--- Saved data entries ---
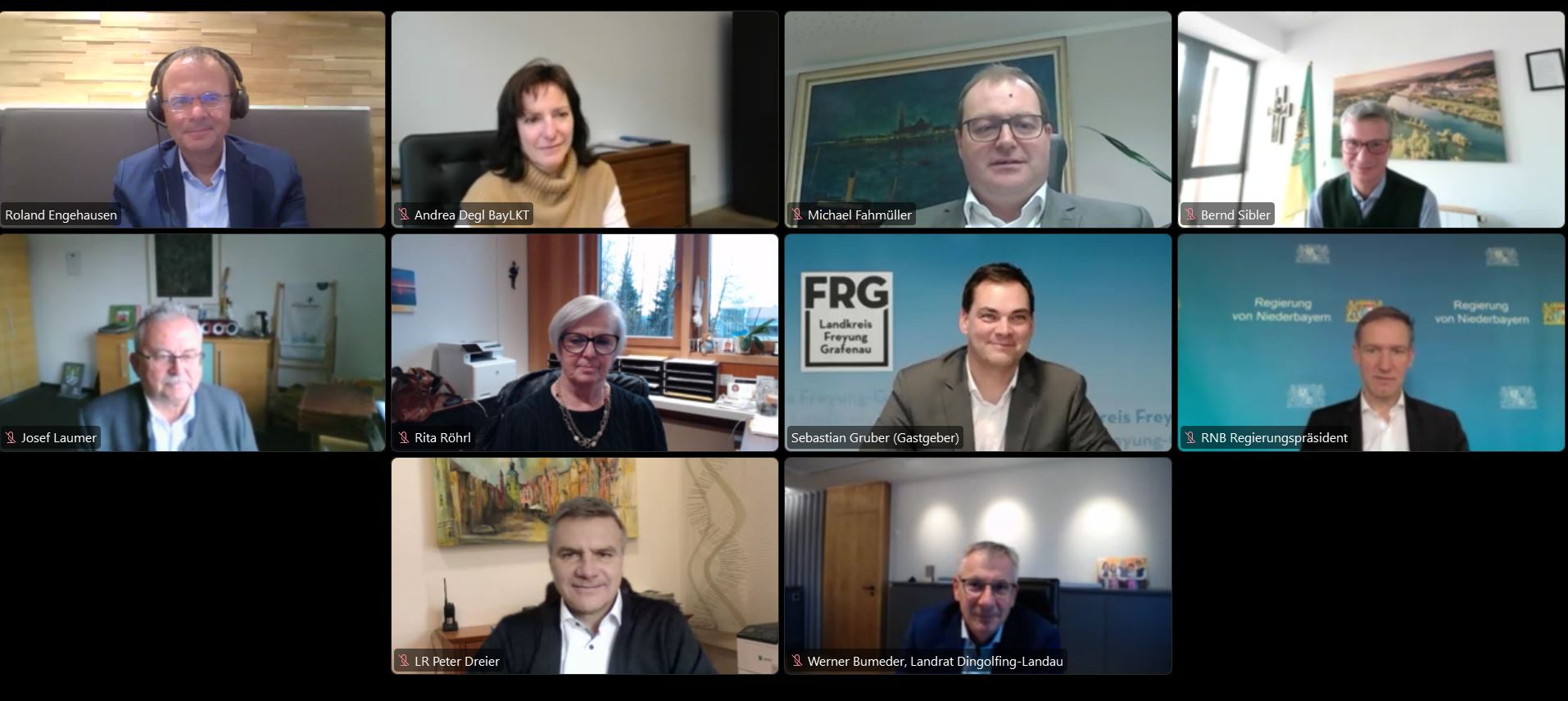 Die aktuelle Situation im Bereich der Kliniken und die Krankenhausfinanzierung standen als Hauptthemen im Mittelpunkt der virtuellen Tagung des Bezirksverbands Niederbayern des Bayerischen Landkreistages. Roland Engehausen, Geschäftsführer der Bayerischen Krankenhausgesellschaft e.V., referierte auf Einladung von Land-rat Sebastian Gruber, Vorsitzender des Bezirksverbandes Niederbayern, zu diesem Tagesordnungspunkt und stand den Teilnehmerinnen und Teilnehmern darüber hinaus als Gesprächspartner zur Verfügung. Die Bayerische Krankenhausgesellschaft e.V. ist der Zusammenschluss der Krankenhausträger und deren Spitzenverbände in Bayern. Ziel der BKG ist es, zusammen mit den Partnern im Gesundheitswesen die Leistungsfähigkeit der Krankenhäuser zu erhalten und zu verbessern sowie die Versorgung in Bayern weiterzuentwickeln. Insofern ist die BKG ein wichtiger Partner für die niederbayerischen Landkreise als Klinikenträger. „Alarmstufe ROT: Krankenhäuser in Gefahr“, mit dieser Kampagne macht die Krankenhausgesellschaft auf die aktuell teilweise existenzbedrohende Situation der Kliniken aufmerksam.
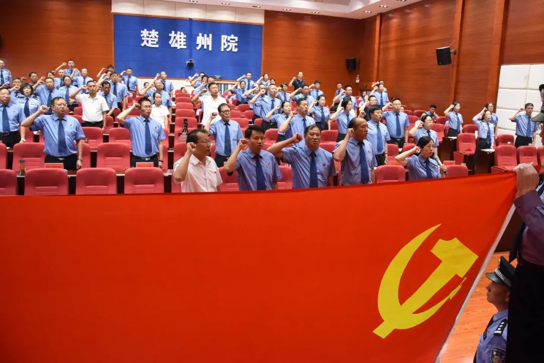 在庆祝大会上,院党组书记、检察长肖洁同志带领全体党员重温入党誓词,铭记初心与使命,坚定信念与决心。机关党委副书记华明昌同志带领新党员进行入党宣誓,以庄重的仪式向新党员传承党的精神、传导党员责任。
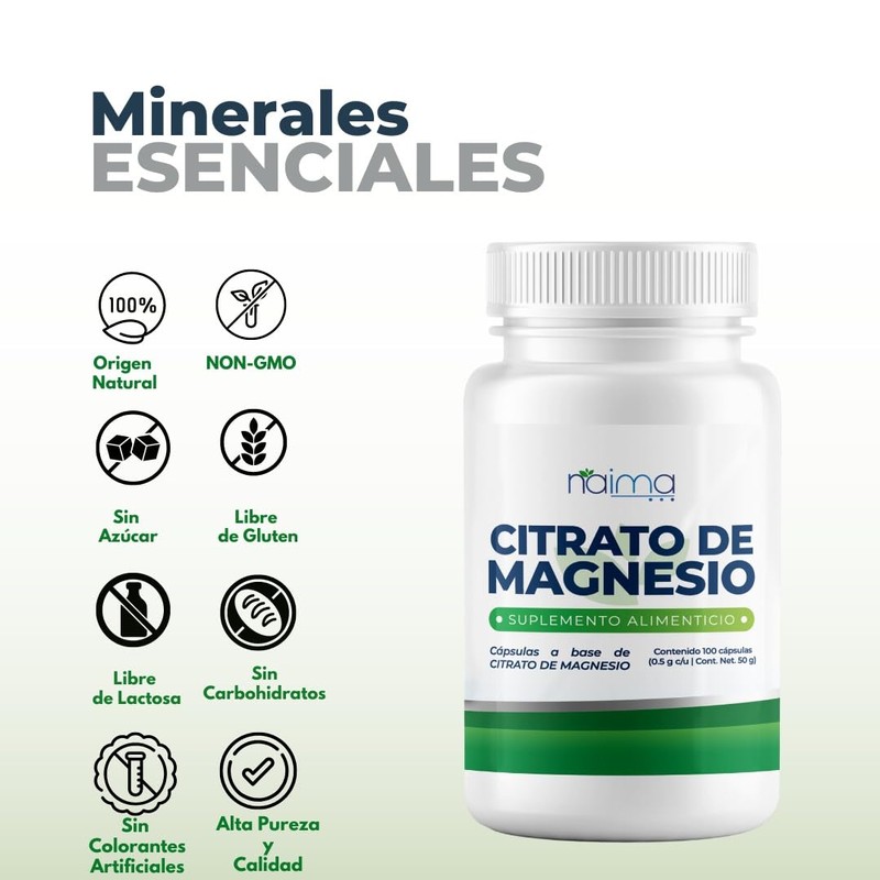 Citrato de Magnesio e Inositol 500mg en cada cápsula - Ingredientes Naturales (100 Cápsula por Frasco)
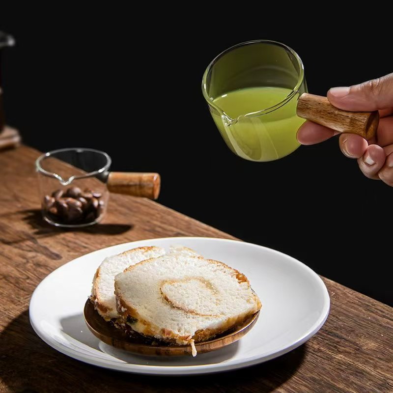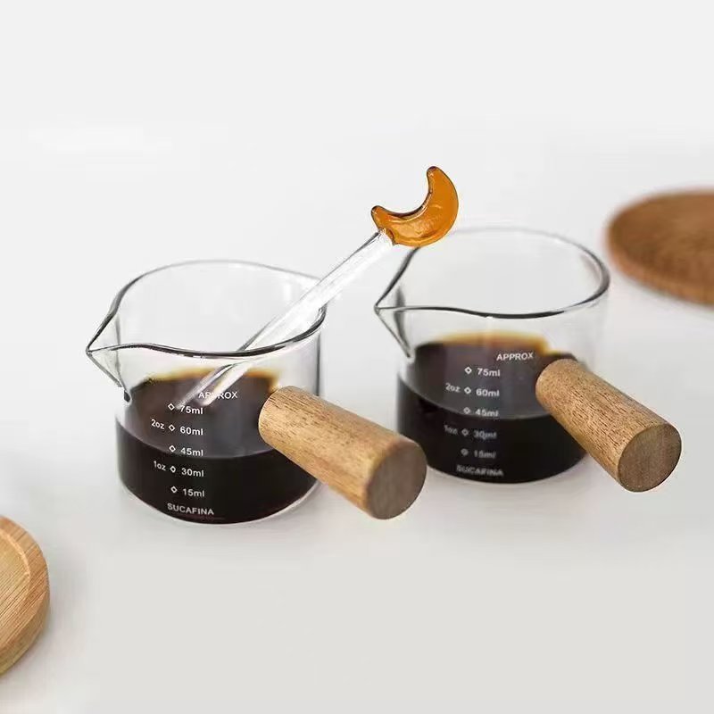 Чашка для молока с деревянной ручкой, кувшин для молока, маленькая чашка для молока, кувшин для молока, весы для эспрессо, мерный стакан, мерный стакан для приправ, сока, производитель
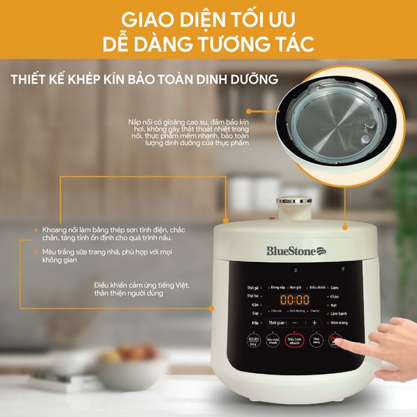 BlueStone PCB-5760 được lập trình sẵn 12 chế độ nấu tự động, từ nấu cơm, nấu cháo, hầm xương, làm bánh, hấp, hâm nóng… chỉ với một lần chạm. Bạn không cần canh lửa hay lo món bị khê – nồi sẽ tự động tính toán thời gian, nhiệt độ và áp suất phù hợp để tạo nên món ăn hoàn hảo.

--- Problem details ---
With pictures omitted, restate word for word every line above from the one containing "Чашка для молока с" to the end of the entries.

--- Answer box ---
 Чашка для молока с деревянной ручкой, кувшин для молока, маленькая чашка для молока, кувшин для молока, весы для эспрессо, мерный стакан, мерный стакан для приправ, сока, производитель
 BlueStone PCB-5760 được lập trình sẵn 12 chế độ nấu tự động, từ nấu cơm, nấu cháo, hầm xương, làm bánh, hấp, hâm nóng… chỉ với một lần chạm. Bạn không cần canh lửa hay lo món bị khê – nồi sẽ tự động tính toán thời gian, nhiệt độ và áp suất phù hợp để tạo nên món ăn hoàn hảo.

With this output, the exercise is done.